- [Action item]:
Reproduce, without alteration, every line of the data; exclude the images.

- [Data listing]:
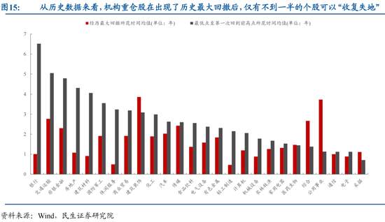 对于经历了深度回调的核心资产而言,美债收益率的上行与通胀预期对高估值的压力依然广泛存在,而交易层面的不稳定因素也正在显现;另外从历史回测数据来看,机构重仓股在出现了历史最大回撤后,仅有不到一半左右的个股可以“收复失地”,并且等待时间平均达到两年半之久,而在核心资产短期急跌20%以上后抄底买入的策略同样表现平平。
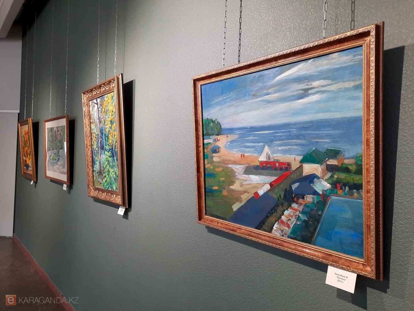«Это здорово, потому что раньше пейзажи чаще писали с натуры. Сейчас, допустим, выйти на пленэр в город уже не так просто. Зачастую художники располагаются в кафе: на улице их могут отвлекать. В Караганде, кроме того, всё ещё немало серых домов, несмотря на яркие детали – украшения или обновлённые крыши. Здесь же, в работе Reiviero Мурата Калкабаева 2011 году, цвет играет особенно ярко – крыши, беседки, море, небо, песок на пляже...» – делится Елена Кондратьева.
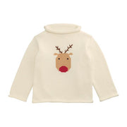 Reindeer Rollneck Toddler Sweater is a charming and cozy addition to your little one's wardrobe. Crafted from 100% cotton yarn, this sweater ensures a soft and gentle touch against your child's skin, providing comfort throughout the day. The rolled neck design adds a classic touch, while the crochet knit reindeer antlers bring a playful and festive element, perfect for the holiday season or any chilly day. Available in a large size suitable for toddlers aged 4T-5T, this sweater offers a relaxed fit that allows for easy movement and layering. Ideal for both casual outings and special occasions, this sweater combines style and warmth, making it a must-have for your toddler's seasonal collection.
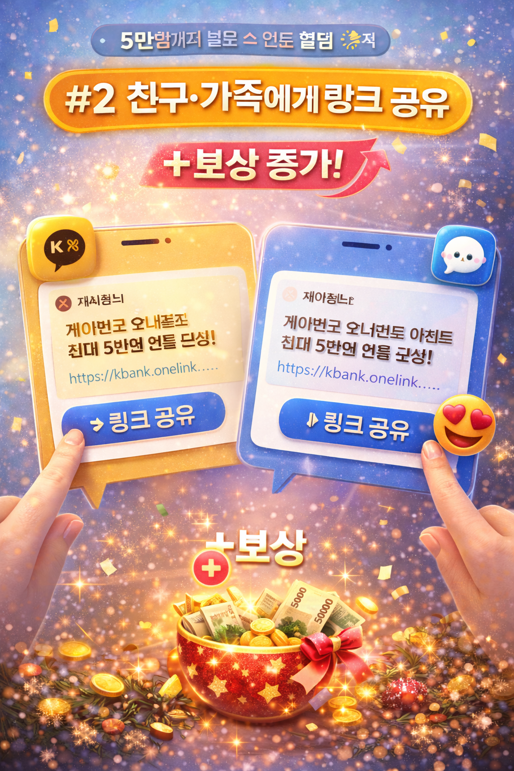 - 내가 공유한 링크로 친구가 참여하면 내 계정에도 보상 증가
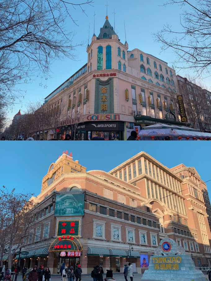 中央大街两边都是像这样的俄式建筑,哈尔滨与俄罗斯相邻很近,哈尔滨的饮食、建筑深受其影响。
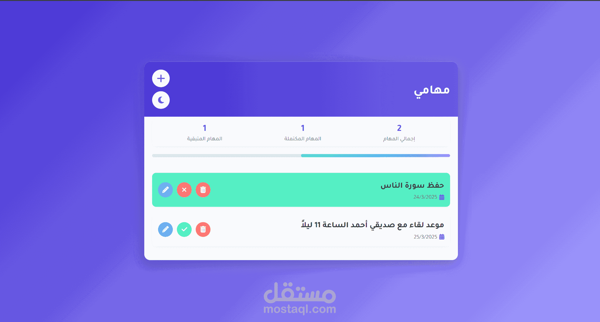 عرض المهام وتحديث حالتها (لم تبدأ – قيد التنفيذ – منتهية)

- [Answer space]:
 对于经历了深度回调的核心资产而言,美债收益率的上行与通胀预期对高估值的压力依然广泛存在,而交易层面的不稳定因素也正在显现;另外从历史回测数据来看,机构重仓股在出现了历史最大回撤后,仅有不到一半左右的个股可以“收复失地”,并且等待时间平均达到两年半之久,而在核心资产短期急跌20%以上后抄底买入的策略同样表现平平。
«Это здорово, потому что раньше пейзажи чаще писали с натуры. Сейчас, допустим, выйти на пленэр в город уже не так просто. Зачастую художники располагаются в кафе: на улице их могут отвлекать. В Караганде, кроме того, всё ещё немало серых домов, несмотря на яркие детали – украшения или обновлённые крыши. Здесь же, в работе Reiviero Мурата Калкабаева 2011 году, цвет играет особенно ярко – крыши, беседки, море, небо, песок на пляже...» – делится Елена Кондратьева.
 Reindeer Rollneck Toddler Sweater is a charming and cozy addition to your little one's wardrobe. Crafted from 100% cotton yarn, this sweater ensures a soft and gentle touch against your child's skin, providing comfort throughout the day. The rolled neck design adds a classic touch, while the crochet knit reindeer antlers bring a playful and festive element, perfect for the holiday season or any chilly day. Available in a large size suitable for toddlers aged 4T-5T, this sweater offers a relaxed fit that allows for easy movement and layering. Ideal for both casual outings and special occasions, this sweater combines style and warmth, making it a must-have for your toddler's seasonal collection.
 - 내가 공유한 링크로 친구가 참여하면 내 계정에도 보상 증가
 中央大街两边都是像这样的俄式建筑,哈尔滨与俄罗斯相邻很近,哈尔滨的饮食、建筑深受其影响。
 عرض المهام وتحديث حالتها (لم تبدأ – قيد التنفيذ – منتهية)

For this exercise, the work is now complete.